This is the sort of attempted spin that might have embarrassed his predecessor as Chancellor, Gordon Brown. Mr Brown pioneered the double counting of misleading spending announcements but even he might have hesitated to claim "We have halved the bill", when the UK will pay the amount originally demanded, but with a politically convenient delay until after the general election.

Let us go back to the beginning of this telling episode. A while ago, the EU Commission proposed to improve its calculations of national income, on which contributions to EU funds are based. National leaders, including David Cameron, agreed, but it seems to have occurred to no one that such adjustments were bound to create winners and losers, which could be politically awkward in losing countries.

As the bean counters re-counted their beans, the Treasury failed to spot the implications of Britain being better off than previously suggested. It was only in the week before last month's Brussels summit that the UK was formally presented with the demand for an extra £1.7bn by 1 December, to take account of several years' revisions.

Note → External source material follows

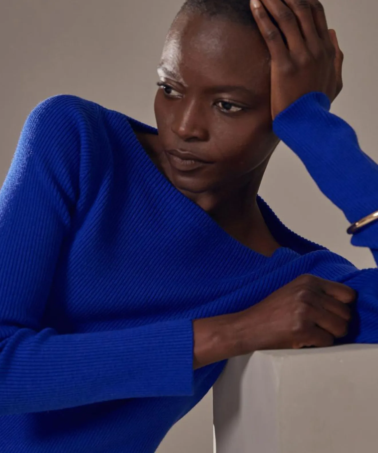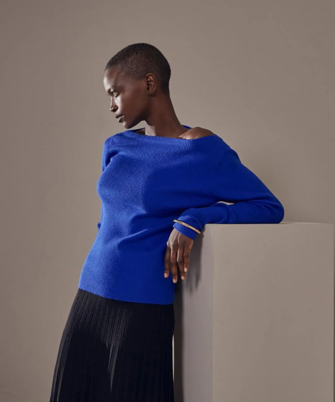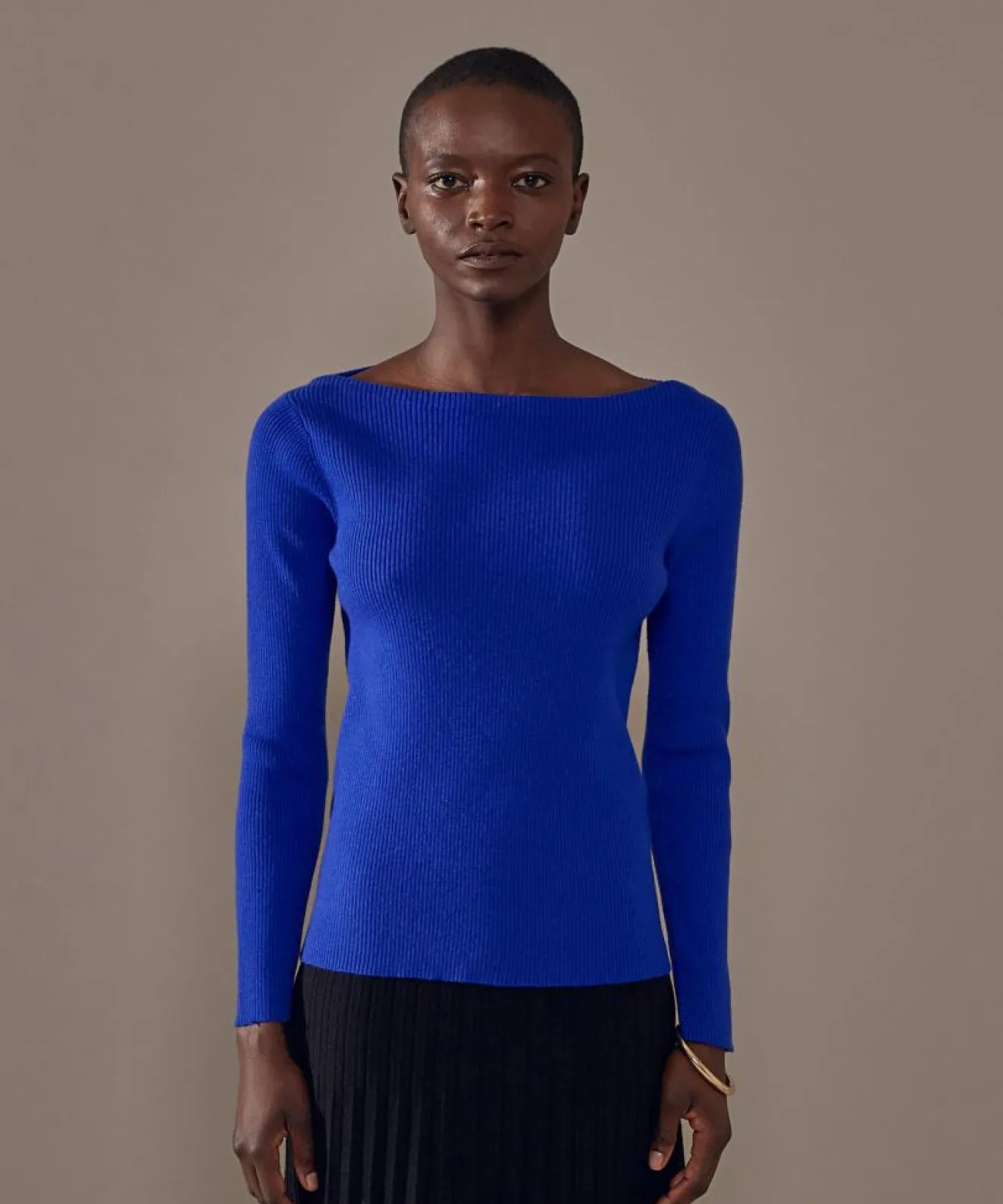 Femme Rodier Pull Ezia, col bateau côtelé bleu outremer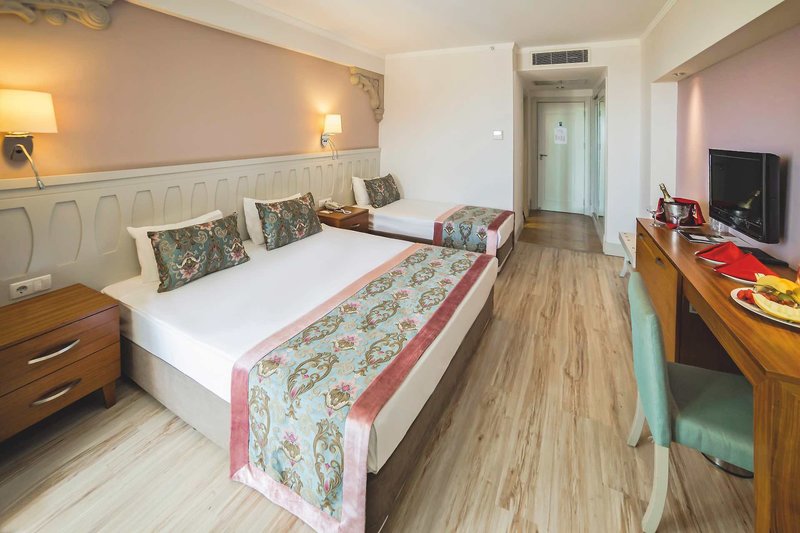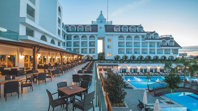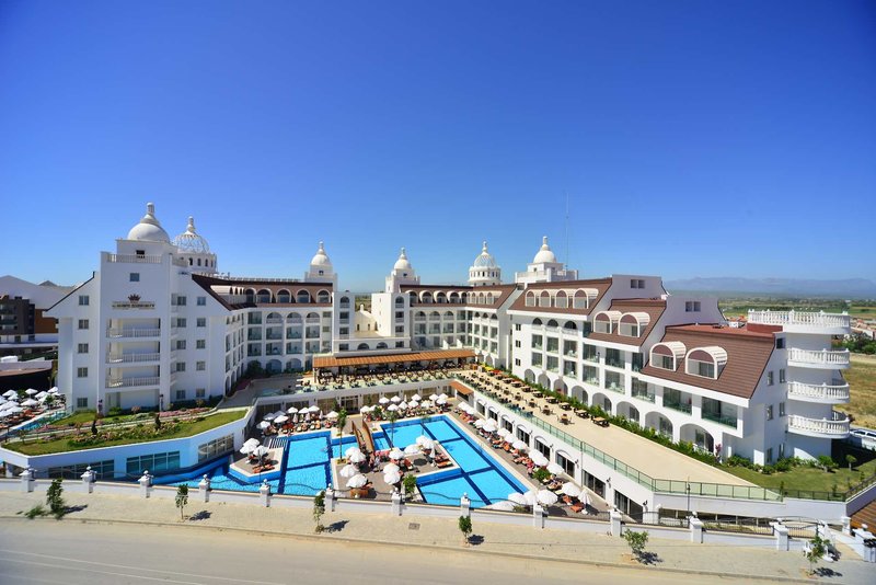 Felszereltség: Ez a modern tervezésű üdülőhely összesen 344 szobával rendelkezik. Tágas előcsarnok recepcióval, ingyenes Wi-Fi-vel, liftekkel, stílusos ülősarokkal és lobbybárral várja Önt. Az étkezési élményt egy teraszos főétterem (időjárás függvényében), számos különleges étterem (egy ingyenes látogatás legalább 7 éjszakás tartózkodás esetén, a szabad helyek függvényében és foglalás szükséges), cukrászda, további bárok és egy LCD műholdas TV-sarok szolgálja. Játékterem, különféle üzletek, éjszakai klub és fodrászat is rendelkezésre áll (mindegyik felár ellenében). Egy vonzó wellness-részleg is rendelkezésre áll. A gyönyörűen parkosított kültéri területen két édesvizű úszómedence, két külön gyermekmedence, egy másik medence három csúszdával (szezonális/meghatározott időpontokban nyitva), medence melletti snack bár és napozóteraszok találhatók. A beépített párnákkal ellátott napozóágyak, napernyők, ponyvatetők és strandtörölközők ingyenesen állnak rendelkezésre mind itt, mind a szálloda Crown Beach Clubjában, ahol a strandbár is található (szezonális).

Mr Cameron was within his rights to question the size of the bill and the speed with which payment was expected. But he went further than that, driven like a sheep by the Eurosceptic dogs on his back benches and in the UK Independence Party. He said he would pay "nothing like as much" as £1.7bn and certainly not by 1 December. Had he already been briefed, by a civil servant more sharp-witted than the Treasury's trouble-spotters, that the British rebate would almost certainly apply to this extra contribution? The rebate, negotiated by Margaret Thatcher in 1984, is a formula that automatically reduces the UK's net contribution.

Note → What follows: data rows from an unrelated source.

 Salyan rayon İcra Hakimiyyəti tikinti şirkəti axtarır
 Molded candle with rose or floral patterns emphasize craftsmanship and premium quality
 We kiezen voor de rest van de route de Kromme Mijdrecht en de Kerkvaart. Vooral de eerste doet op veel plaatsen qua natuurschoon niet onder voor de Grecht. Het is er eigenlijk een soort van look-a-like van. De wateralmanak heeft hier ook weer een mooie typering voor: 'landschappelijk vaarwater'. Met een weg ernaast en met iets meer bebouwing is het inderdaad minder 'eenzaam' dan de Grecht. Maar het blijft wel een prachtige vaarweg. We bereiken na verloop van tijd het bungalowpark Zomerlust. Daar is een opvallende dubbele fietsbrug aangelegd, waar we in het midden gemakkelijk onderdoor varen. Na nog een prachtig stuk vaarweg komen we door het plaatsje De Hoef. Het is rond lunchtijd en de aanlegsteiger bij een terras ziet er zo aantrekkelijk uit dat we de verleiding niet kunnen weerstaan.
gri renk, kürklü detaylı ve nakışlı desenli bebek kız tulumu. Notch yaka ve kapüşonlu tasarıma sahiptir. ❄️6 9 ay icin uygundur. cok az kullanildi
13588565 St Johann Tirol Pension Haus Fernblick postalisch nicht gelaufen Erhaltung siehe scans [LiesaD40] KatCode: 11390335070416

He was certainly asked about it by Andrew Lansley, the former health secretary, when he made his statement to the Commons after the summit. Mr Cameron said carefully that this was "one of the important questions that needs to be asked".

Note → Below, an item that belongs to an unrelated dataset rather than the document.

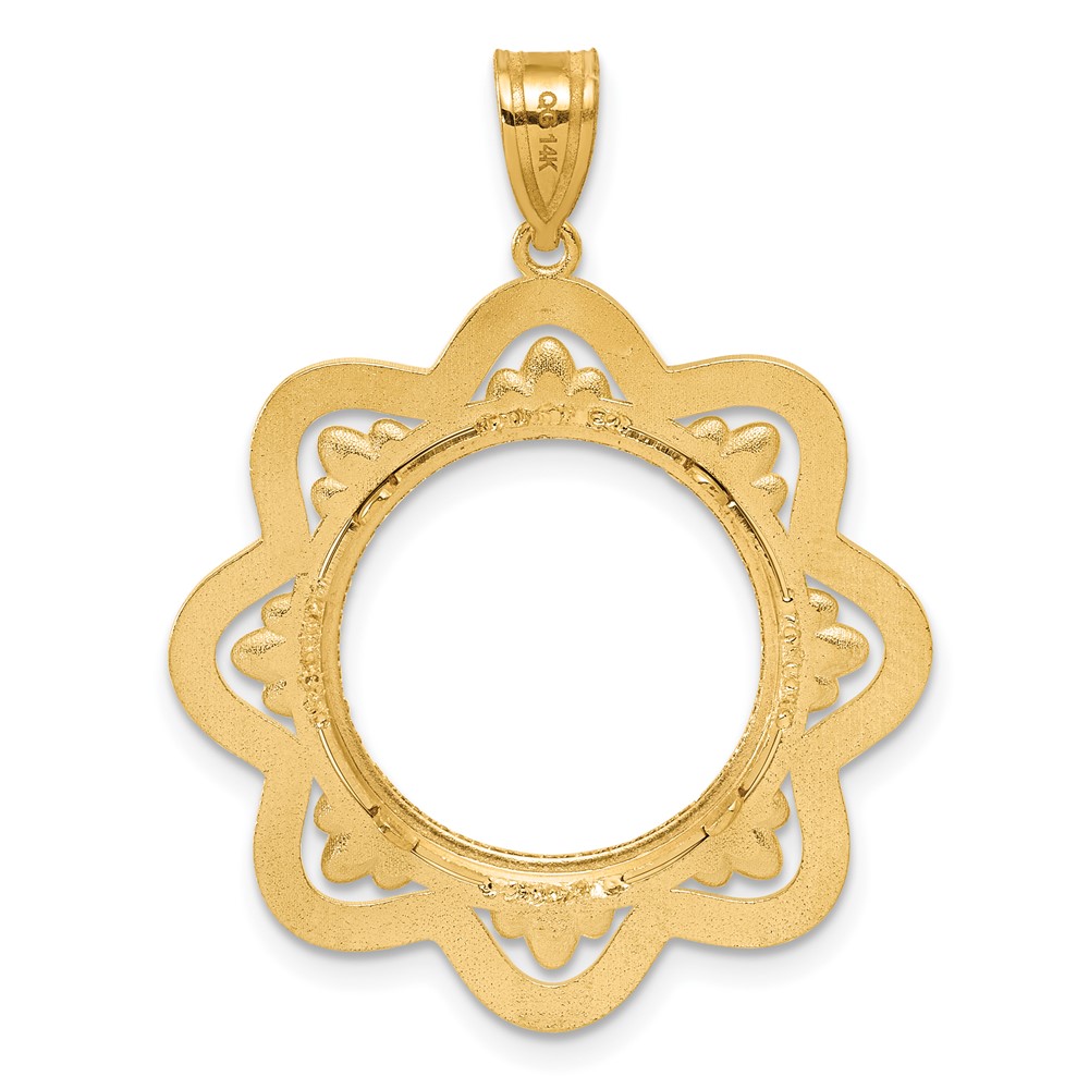 Wideband Distinguished Coin Jewelry 14k Polished Rope and Diamond-cut 15.0mm x 0.8mm Screw Top Coin Bezel Pendant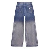 - 🎨 Дизайн: широкие штанины, эффект омбре (двухцветный синий), классические карманы

So when Mr Osborne and Mr Cameron claimed last week to have "cut the bill in half", all that had happened was that EU finance ministers had agreed what was always likely to be agreed. And EU officials had done the maths of applying the rebate formula, and come up with the exact amount of the rebated demand.

The only concession that the UK Government has secured is a deferral of the payments until July. That reasonable deferral also applies to the Dutch, whose surcharge is more per head of population than ours, and who benefit from no rebate. It is notable that the Dutch Prime Minister's initial response was that he was "unpleasantly surprised", but that he was prepared to discuss it.

That is the attitude that Mr Cameron and Mr Osborne ought to have adopted, rather than seeming so keen to overload the post-election long grass. The surcharge is a reasonable adjustment that reflects the fact that we are richer than we thought we were. The short notice of the demand was bureaucratic correctness gone mad, but now a reasonable compromise has been reached.

Mr Cameron and Mr Osborne, by trying to spin a reasonable deal as a British victory, have convinced no one in this country and further alienated their partners in the EU. All in all, a disastrous few weeks' work.